The mindset of Linux distributions is very different to the Java world when it comes to build software. This is understandable as they have different requirements.
In the Java world, there is the concept of artifacts. You build org.foo.bar:bar-moo:1.1 once and it stays there forever, archived for anyone to use it. Tools like maven and ivy allow developers to specify in their source tree the specific dependencies of their components and those are grabbed from the network, the software built and then publish the output as a new artifact that others can grab.
Linux distributions on the other hand, bootstrap the complete stack from source. They don’t take the binary artifact from upstream but build it, and then use the binary they built to build the next. This seems to work pretty well for C, C++, and for Ruby, Python, let’s say it “works”.

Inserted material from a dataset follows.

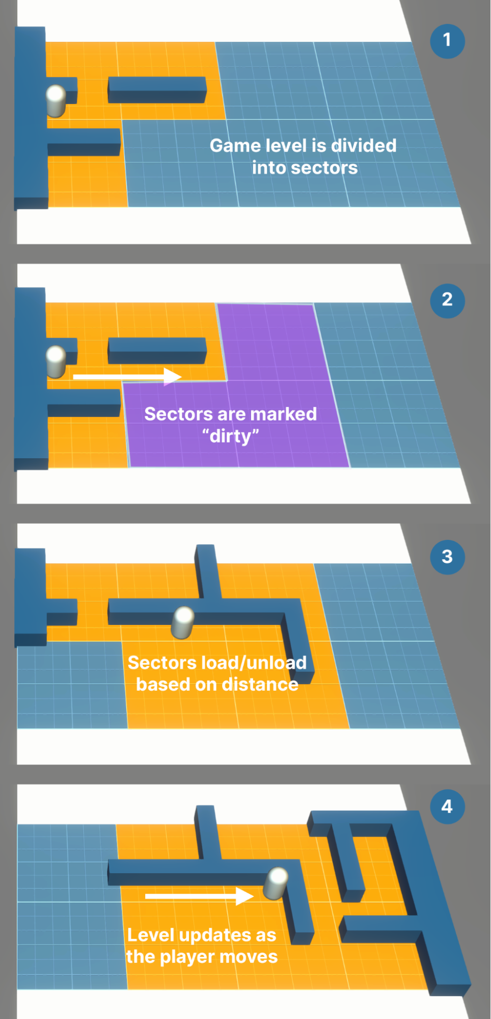 - A manager script tracks the player's movement and determines which sectors are relevant based on the player's current location.

When it comes to package Java software, Linux distributors find themselves in the following situation:
This clashes with Linux in various edges:
Distributions needs to build from source. Even if you get rid of the above requirement and you bundle all your dependencies, distributions want to build everything from source. This has technical and legal reasons. SUSE build system does very complex checks on every package that it builds. Those checks are part of the quality we sell to our customers. Other reasons are legal: I am still trying, for example, to build the Play! framework. Even if it is BSD, it includes some .jars inside of unknown origin. What would happen if one of these jars results to be proprietary?. Michael Vyskocil had a similar issue with openproj and its bundled dependencies.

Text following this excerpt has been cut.